Every few minutes, Caoimhghín would arrive and with the flourish of a lucky poker player throwing his cards on the table he would ask:
“What was the target for X?”
“98 votes from three boxes.”
“Well, will you take 103 from one box?”
And the card was thrown triumphantly on the table.
It was like that for two hectic hours. At one stage a Fine Gael tallywoman fainted but the count continued unabated. Like a scene from one of those old cowboy films, she was taken away and her place at the circled wagons was taken by another volunteer.
By 11am it was clear that Caoimhghín would top the poll.
A phone call came through from the prisoners in Long Kesh –they were among the first to know about the historic victory.
The Sinn Féin team surged from the count centre to jubilant scenes outside. Gerry Adams arrived and was swept into the cheering, flag-waving crowd. In radio interviews, both he and Caoimhghín talked about an important breakthrough.
Then Gerry Adams whispered to Pat Treanor, the Director of Elections:
“Is your tally accurate? Because if it isn’t, there’s going to be some red faces about.”

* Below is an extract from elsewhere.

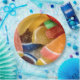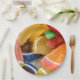 The image of colorful Jellied Fruit Slices cover these paper plates.

Pat laughed, just a little nervously.
“We’re safe enough,” he said.
Inside the hall, the other parties looked a little bewildered. “We’re only lending you the seat,” one Fianna Fáil tallyman said. “That’s what the SDLP said and look what happened to them,” said a Sinn Féin worker.
The result wasn’t announced until 4:30pm, by which time one side of the count centre was jam-packed with Sinn Féin supporters waving dozens of Tricolours.
Outside, dozens more had climbed up to get a view through the high windows. Caoimhghín stood at the rail with three of his daughters, Pat Treanor, Gerry Adams, Martin McGuinness and Lucilita Bhreatnach
There was a hush while the numbers were read out.
“Ó Caoláin – eleven thousand, five hundred and thirty-one . . .”
And his supporters erupted in cheering and flag waving.
“And I declare Caoimhghín Ó Caoláin elected . . .”
And, for the first time, Caoimhghín allowed himself to celebrate. He punched the air, then hugged his daughters before he was engulfed by supporters and swept out of the hall.
“One TD and two MPs, doo-dah, doo-dah,” sang the crowd as the two MPs carried the TD shoulder-high. Later, they stood together on a low wall and addressed the hundreds of Sinn Féin supporters.
“Sixteen years ago, we had Kieran Doherty TD. Now we have Caoimhghín Ó Caoláin TD,” said Gerry Adams, remembering the last republican TD for Cavan/Monaghan. Hunger striker Kieran Doherty died a few weeks after being elected in1981 and his memory had been everywhere during the campaign.
Caoimhghín told the crowd that they were the foundation on which the victory had been built.
“We have emboldened the republican tradition,” he said. “We in this constituency have faced censorship and state oppression but we have held our heads up high and we have faced them down and today we have had our victory.”
Martin McGuinness said he was “overjoyed to be here today. This is a remarkable breakthrough. Over the last two months we have broken the mould of Irish politics. My greatest joy is that our victories were all-Ireland victories. Our opponents talk about trains leaving stations but if we aren’t on that train it is going absolutely nowhere.”
Caoimhghín and his supporters then set off on a cavalcade which took them through Cavan and Monaghan. In Monaghan town, a crowd had gathered in Church Square. Caoimhghín stepped out of the car to greet them.
Everywhere, hands were reached out and he was hugged as he walked up the street. It was a scene of unconfined joy.
For those republicans who had marched and held vigils, who had been imprisoned and seen pain and suffering, this was their victory.